Community exists whenever people connect and interact. The concept of virtual communities arose as people began to gravitate to online mediums nearly forty years ago. Social media is the latest in a long line of evolving technologies that enable people to form community regardless of time, distance, or other barriers. The pace and proliferation of social media is the realization of what McLuhan described as the global village and Telsa envisioned as the globally networked brain or nervous system (Federman 2004).

Social media and virtual communities
Virtual communities have the same challenges as analog communities. Community members play roles and assume tasks in order to sustain the community. In his book The Different Drum, M. Scott Peck describes his theory of the four stages of community building. The first is pseudo-community, where members interact and behave in superficial ways to avoid conflict. I think that best describes the state of most social media interaction.

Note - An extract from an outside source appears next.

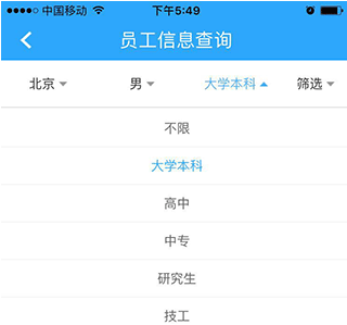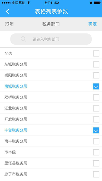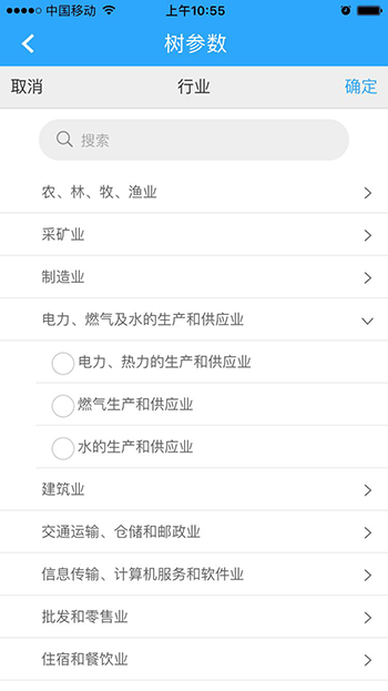 树仅支持“列表”展示方式,列表方式是以树型图的方式展示具有层级关系的数据,支持搜索功能,点击树控件弹出整屏的树选择界面,如下图:

However, social media is a powerful platform. Through reach, frequency, and immediacy, social media is transforming the personal, family, and social sphere. In Peck’s nomenclature, a sense of community comes from going beyond superficial interaction; hiving around common issues, problems, and needs; developing supportive norms and behaviors for community interaction; and working through difficulties and misunderstandings to achieve community-based learning, problem-solving, and understanding. To achieve sustainability, virtual communities must continue to evolve toward this sense of true community.

Trends and influences
The drive toward true community is already giving rise to the need for specialized private networks. These so-called “white label” platforms provide a generic, almost invisible platform for a community to build and brand its identity through member engagement and user-generated content. These personalized social networking platforms  are emerging to fill the desire to achieve true community outside the commoditized, widely known social media sites. Check out these examples:

The convergence of social media to mobile will also influence virtual communities, not because of the mode itself, but because mobile is a ubiquitous, global presence that is embedding social media in all aspects of life. Community members can engage with greater relevance in real-time through mobile social media applications. Your community is never farther away than a text, tweet, or post on a mobile device that is often the first and last check-in of the day.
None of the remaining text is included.